In conclusion, if the ROA is sound and debt levels are at a reasonable level, a high ROE is an indicator that managers are doing a 'great' job and the organization is efficient.

On the other hand, if ROA is low and the company is carrying a significant debt, even a high ROE is misleading, and the directors would have to pay special attention in view of the impending disaster for the company in the near future.

But always bear in mind, for any business, the industry norms and benchmarks for ROA or ROE can always be improved using analytical tools such as product and customer profitability analytics as well as activity based costing techniques.

As Arthur Miller once said, "Don't be seduced into thinking that that which does not make a profit is without value", since there are several other critical success factors that makes a 'great organization besides the aspect of profitability this article emphasizes!
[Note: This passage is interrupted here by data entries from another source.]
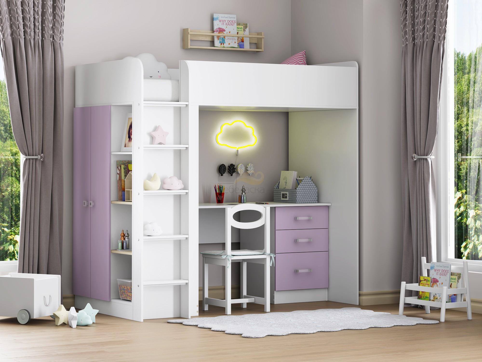 - Кровать чердак Теремок 3 Фиолетовый
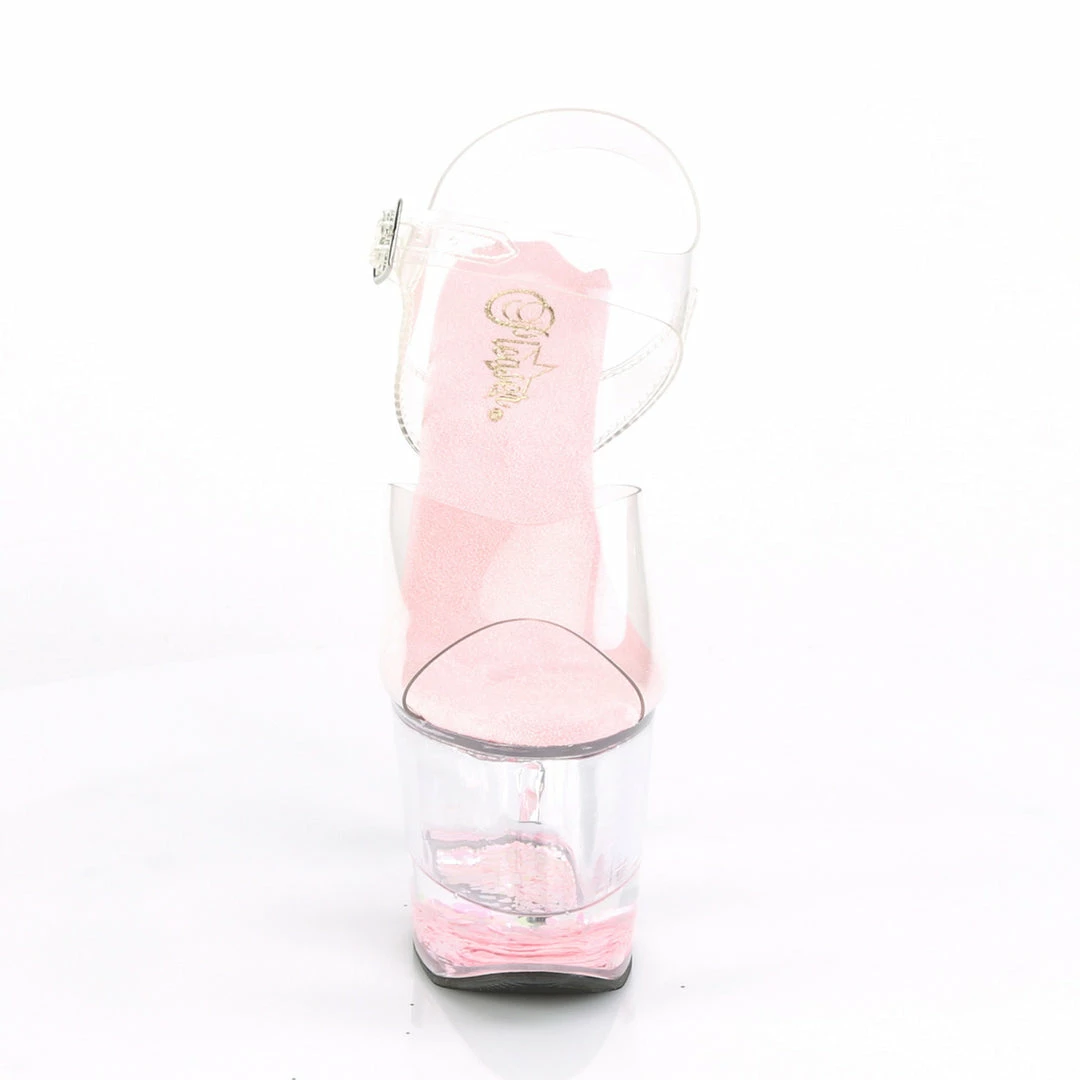 7″ (178mm) Heart Shaped Heel, 3 1/4″ (83mm) Platform Ankle Strap Sandal Featuring the Platform and Heel Infused with Flowing Liquid & Floating Glitter Hearts
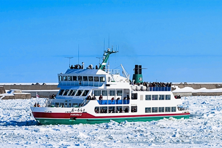 【破冰船】每年約1月中旬至3月下旬開航,巡航於被冰所覆蓋著的鄂霍次克海上。無懼於厚達1m的冰層,巡洋船將層層的冰打碎後前進,氣勢十足。如果站在甲板上更是充滿臨場感。在全世界最南端的流冰世界裡,也許您可以看到在流冰上進行日光浴的海豹,或是遇到振翅高飛的白尾鷲或大鷲等。建議您不妨帶著望眼鏡前來觀賞。

(Fernando is a banker with experience in corporate and business strategy, strategic planning and market research. He has experience in change management and developing performance management systems. He has a Commonwealth Executive MBA from the Open University of Sri Lanka; is an Associate of the Institute of Bankers (AIB), Sri Lanka, and is a Member of the Association of Business Executives (ABE), UK. He also has Diplomas in Management and Human Resource Management.)